Location: Hydrology and Remote Sensing Laboratory
Project Number: 8042-13610-028-66-R
Project Type: Reimbursable
Start Date: Jan 1, 2014
End Date: Dec 31, 2014
The European Space Agency (ESA) is currently funding the development of a long-term, satellite-based surface soil moisture dataset to serve as essential climate variable (ECV) for climate studies. One key aspect of establishing an ECV is conducting an appropriate evaluation of the product to determine its reliability. ARS will apply a recently-developed algorithm – called the Auto-Tuned Land Assimilation System or ATLAS – to globally evaluate the quality of remotely-sensed surface soil moisture retrievals serving as the basis of the ESA soil moisture ECV dataset.
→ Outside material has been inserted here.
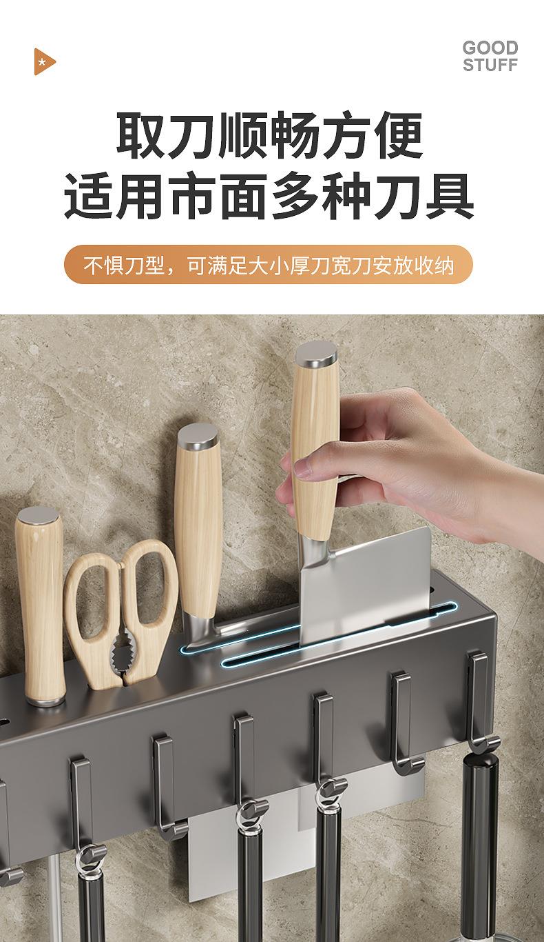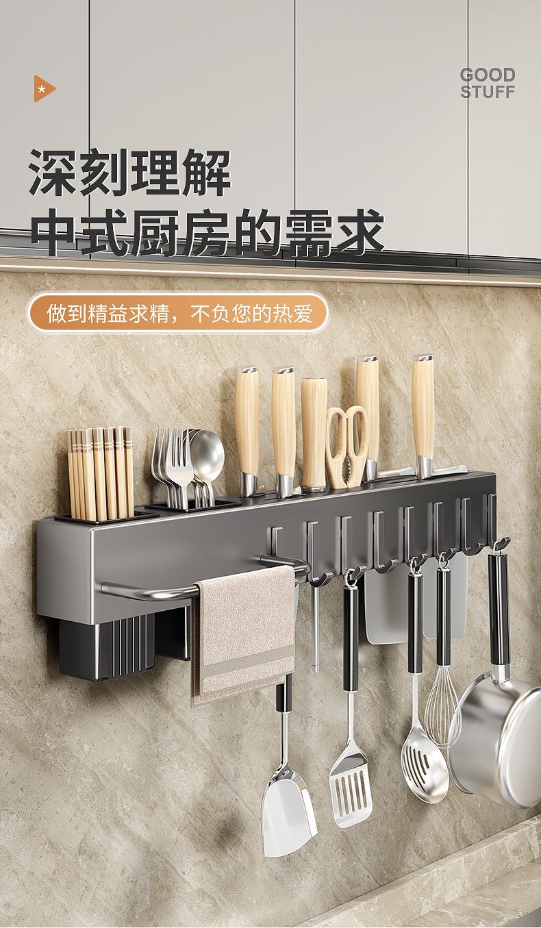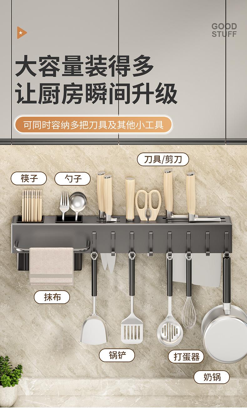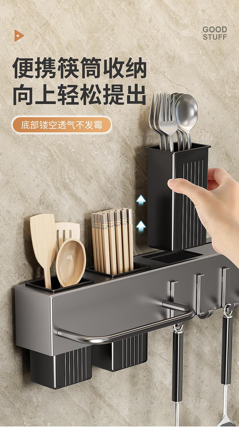 挂壁式多功能刀架免打孔厨房置物架筷笼一体厨房刀架现代收纳架

The Auto-Tuned Land Assimilation System (ATLAS) is a recently-developed USDA ARS algorithm for estimating the statistical properties of error in remotely-sensed surface soil moisture retrievals. The technique is based on the merging of an adaptive Kalman Filter and triple collocation analysis and - unlike any existing validation approach - is robust to the presence of both auto-correlated and cross-correlated errors in remotely-sensed surface soil moisture products. As a result, it represents the state-of-the-art in terms of validating remotely-sensed soil moisture retrievals over large areas of the world in which ground-based soil moisture observations are not available. In this project, ARS will globally apply ATLAS using three separate soil moisture products (a water balance-based product, an active microwave satellite product and a passive microwave satellite product) in order to access errors in (both of the) the satellite-based products. This assessment will, in turn, be used by the European Space Agency (ESA) to validate an Essential Climate Variable (ECV) data product currently being developed based on satellite-derived surface soil moisture retrievals.